国王の生活は、すべてが儀式だ。もちろんそれは、女王でも変わらない。
朝目覚めてから、床に入るまですべてが、一挙手一投足儀式によって定められている。
―――アルビオン女王として即位してどれだけ経ったろう。
私的寝室でエステルはベッドに起き上がり、夜明け前の薄明かりの中、ぼんやりと数えていた。
公開用寝室に移動するまでは、まだもう少しだけ時間があった。王は公開用寝室で就寝の儀を終えた後、私的寝室に移りそこで眠りにつくのである。ここでの時間のみが、いまのエステルには誰にも邪魔されない貴重な自分のためだけの時間だった。
(半年……経っちゃった)
数えていた指をゆっくりと握りしめるエステル。もうそんなにも、Axのみんなと会っていない。―――ナイトロード神父とも。

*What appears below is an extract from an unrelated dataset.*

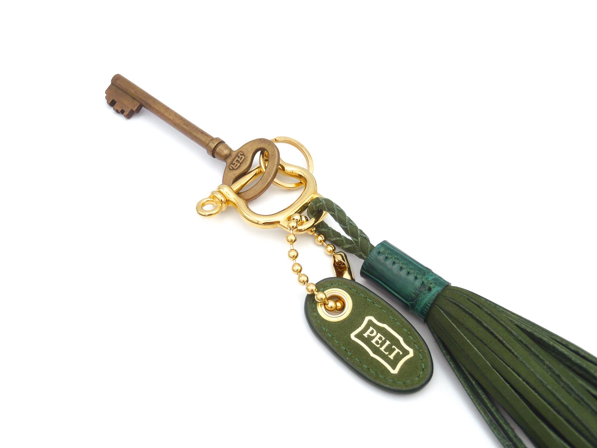 タッセルが軽やかに揺れるキーリング。シャックル型の金具でネジになっておりますので、回して開けて鍵を入れます(※画像3枚目は鍵を付けたイメージです。アンティークキーは付属しません)。ネジ棒に通らない鍵は二重リングをお使いください。

即位してしばらくは、ばたばたと追われるように日々をこなしていた。
右も左も判らない小娘でしかなかった。女王としての毎日など想像もできなかったから、ふと目を転じる仕草にすら、気を遣った。
張り詰めていた日々を繰り返し、ようやくこうしたほんの僅かな時間に、自分自身を考えられるようになった。
エステルは、膝を抱え顔をうずめる。
猛烈に、心細さが押し寄せてくる。
―――逢いたい。
決して口にはできない想い。
女王として、国を統べる者として、おいそれと軽々しく口にはできない。一介の神父に逢いたいなどと、言えるわけがない。
それでも、気持ちは別だ。心は彼を求めている。
離れてようやく、彼への想いがはっきり形を現していた。
ナイトロード神父は何をしているのだろう? いまでもへらへらと冗談とも本気ともつかないやりとりをみんなとしているのだろうか。

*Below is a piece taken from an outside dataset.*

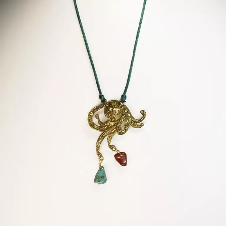 Inicio / Joyeria Artesanal Contemporánea / Joyería en Bronce / Colgante Único Pulpo Bronce Piedras

アルビオンに残る道を選んだ自分を、まだ覚えてくれているだろうか?
それとも、もう自分ではない誰かを支援要員に選び、その者と――尼僧かもしれない――いつもともにいるのだろうか。
エステルの頭の中で、顔の判らない尼僧とともにいるアベルの姿が映し出される。アベルは尼僧に向かい微笑み、優しい眼差しを返していた。
エステルは打ち消すように頭を振る。
イヤだ。けれど、否定しきれない。
歯を食いしばり、エステルは自分の想像と戦った。
窓の向こうから、鳥のさえずりが聞こえてきた。
エステルは顔を上げる。天蓋からおりるカーテンごしにも、辺りの明るさがはっきりと見てとれる。
知らず、吐息がもれた。
もうすぐ、エステルを起こしにくる女官がやってくる。
ナイトロード神父のいない一日が、また始まる。
(だめよ)
エステルは、別れ際のアベルを思い出す。切なげにこちらを見つめるナイトロード神父。その表情は、決してエステルを永遠に手放すものではなかった。再び逢えることへの期待を預けられるような、彼の想いを垣間見た一瞬。

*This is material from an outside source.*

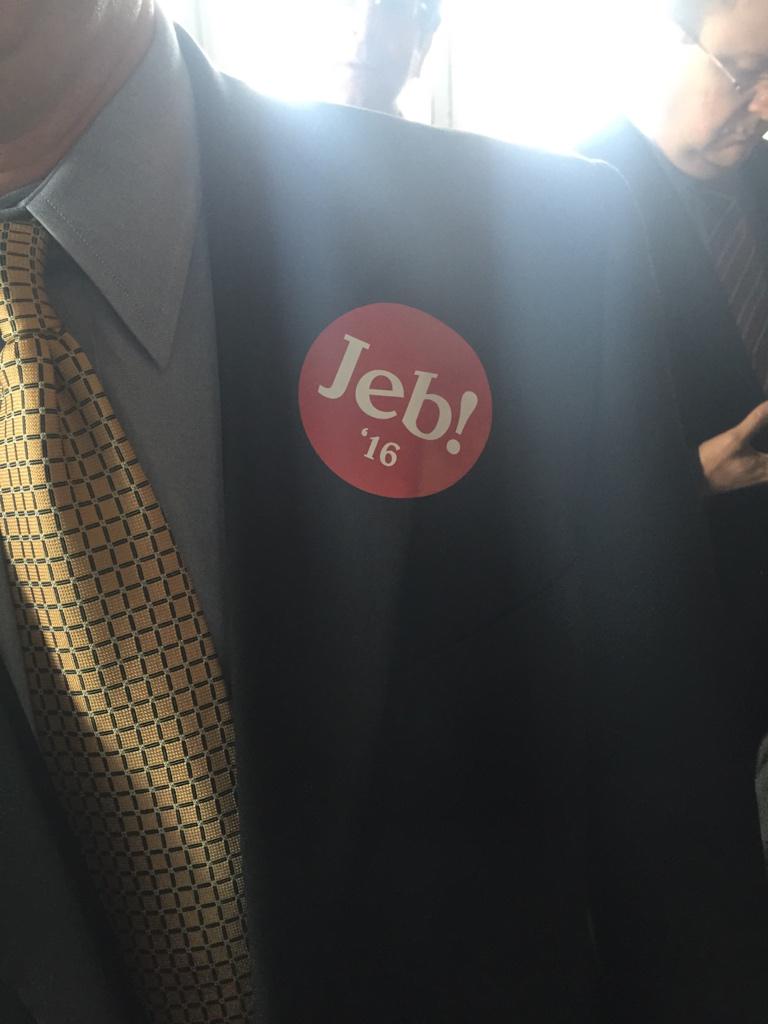 La pegatina con el lema "Jeb! '16" en letras blancas sobre fondo rojo que nos muestra Zeke Miller (Time) es de una recaudación de fondos a favor de Jeb Bush (R) que se celebró en Florida la semana pasada. El nombre de pila del ex gobernador de Florida, que en realidad es la unión de las iniciales de sus dos nombres y su apellido (John Ellis Bush), acompañado de un signo de exclamación, es la divisa electoral que utilizó en sus campañas en Florida, y personas de su entorno dicen que "esperan que adopte un diseño similar para su campaña presidencial," informa Philip Rucker en The Washington Post.

まっすぐにこちらを見つめるその眼差しが、いまのエステルを支えていた。
(弱気になっちゃ、だめ。神父さまに顔向けできない)
カーテンの向こうをじっと見つめ、エステルは自身を励ます。
逢えなくてつらい。引き裂かれるほど苦しい。
けれど、いつかは必ず逢える。―――無茶な願いと判っている。それでもそう願わずにはいられない。
扉の向こうに、気配を感じた。女官たちがやってくる。
エステルは強くまぶたを閉じた。
そして、ゆっくりと開ける。
そこに現れたラピスラズリの瞳は、もはやエステル・ブランシェのものではなく、アルビオン女王のものだった。
「陛下―――」
カーテンの向こうから静かに声がかけられる。
「起きています」
エステルの声に、うやうやしくカーテンが開かれた。眩しい光がエステルの顔に落ちた。
「おはようございます、陛下。今朝もご機嫌うるわしくお見受けいたします」
エステルは頷いた。儀式は、ここから始まるのだ―――。